### [WHAT YOU ARE ASKED TO DO]
Only the lines from the one that contains "Leer másYa está" through the last line of the data below should be duplicated, exactly and without pictures.

### AVAILABLE DATA ###

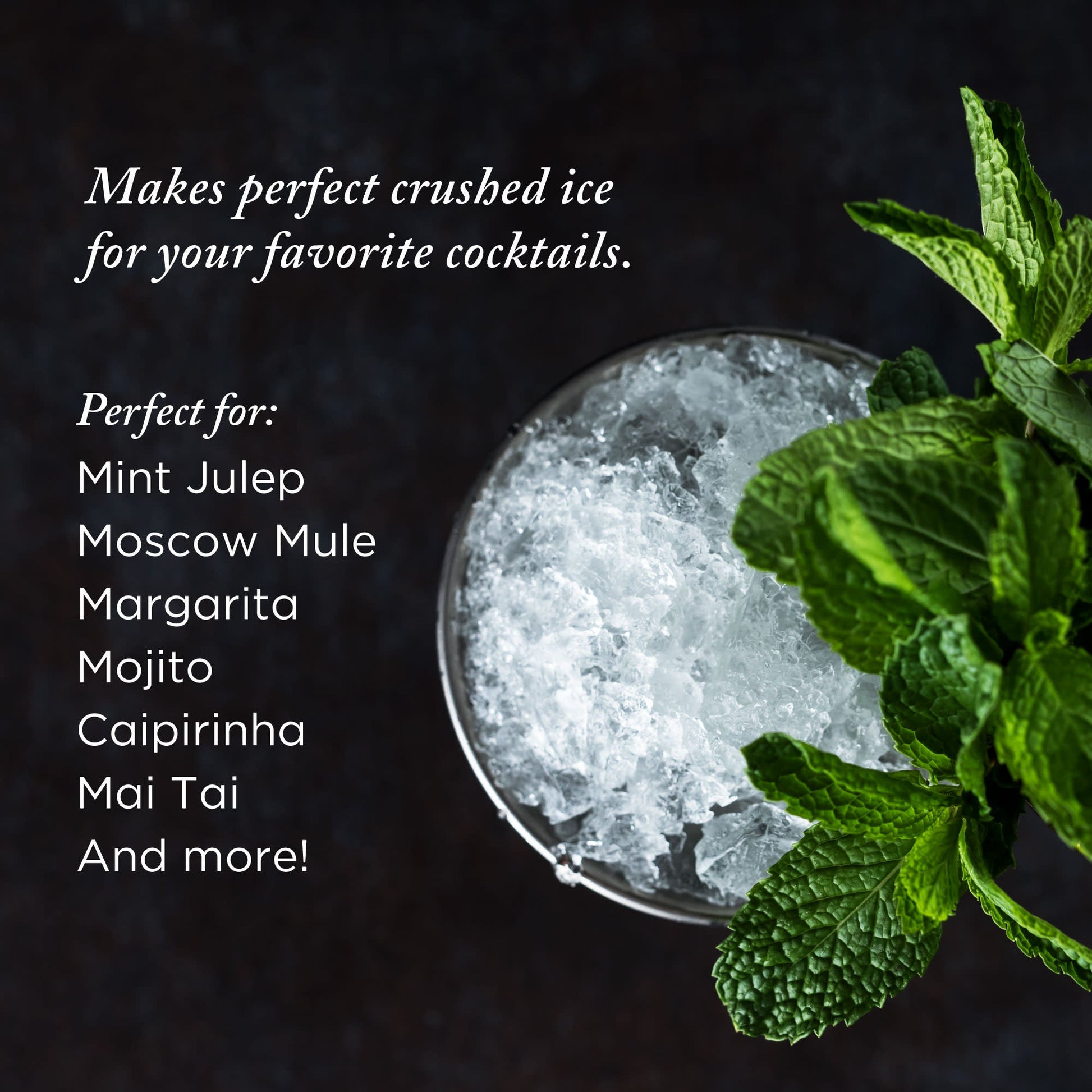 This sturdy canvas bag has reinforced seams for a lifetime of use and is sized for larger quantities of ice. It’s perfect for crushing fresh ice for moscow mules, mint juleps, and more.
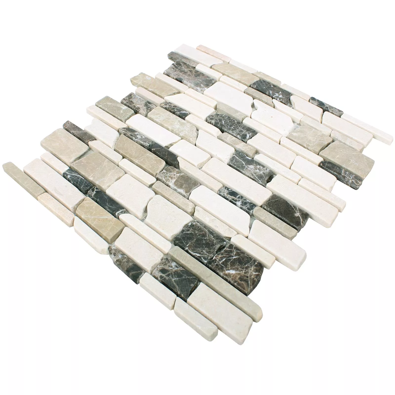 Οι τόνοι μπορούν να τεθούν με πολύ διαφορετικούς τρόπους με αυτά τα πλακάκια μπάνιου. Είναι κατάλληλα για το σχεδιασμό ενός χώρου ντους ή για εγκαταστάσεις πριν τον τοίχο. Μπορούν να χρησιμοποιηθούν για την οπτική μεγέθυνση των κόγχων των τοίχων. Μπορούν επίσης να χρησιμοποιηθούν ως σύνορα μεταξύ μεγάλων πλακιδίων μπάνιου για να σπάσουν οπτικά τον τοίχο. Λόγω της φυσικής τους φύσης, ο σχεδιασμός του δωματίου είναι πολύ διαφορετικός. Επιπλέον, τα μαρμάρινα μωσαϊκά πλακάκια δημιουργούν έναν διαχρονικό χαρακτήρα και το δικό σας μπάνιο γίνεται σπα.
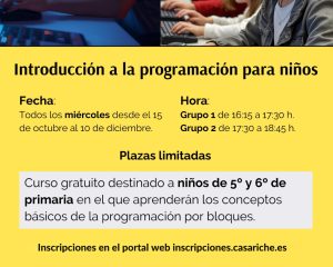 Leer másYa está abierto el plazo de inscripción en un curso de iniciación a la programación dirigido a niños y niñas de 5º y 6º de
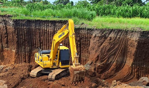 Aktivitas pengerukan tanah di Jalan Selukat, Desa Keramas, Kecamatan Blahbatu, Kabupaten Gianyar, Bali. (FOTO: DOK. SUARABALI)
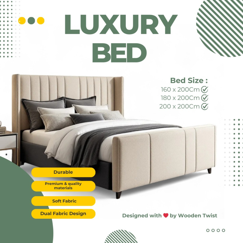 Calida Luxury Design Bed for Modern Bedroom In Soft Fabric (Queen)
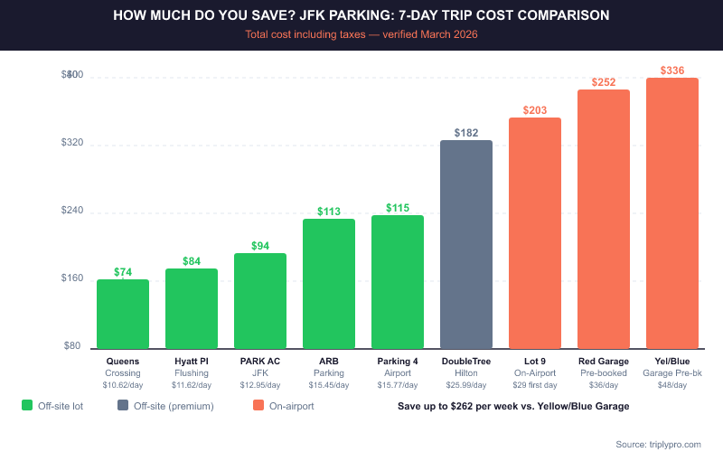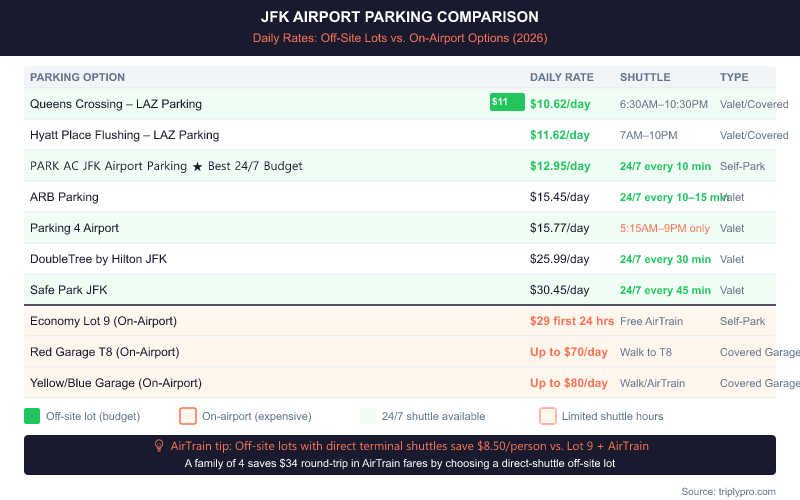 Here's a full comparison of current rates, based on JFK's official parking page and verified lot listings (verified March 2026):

###

### [RESULT OF THIS TASK]
 Leer másYa está abierto el plazo de inscripción en un curso de iniciación a la programación dirigido a niños y niñas de 5º y 6º de
 Aktivitas pengerukan tanah di Jalan Selukat, Desa Keramas, Kecamatan Blahbatu, Kabupaten Gianyar, Bali. (FOTO: DOK. SUARABALI)
 Calida Luxury Design Bed for Modern Bedroom In Soft Fabric (Queen)
 Here's a full comparison of current rates, based on JFK's official parking page and verified lot listings (verified March 2026):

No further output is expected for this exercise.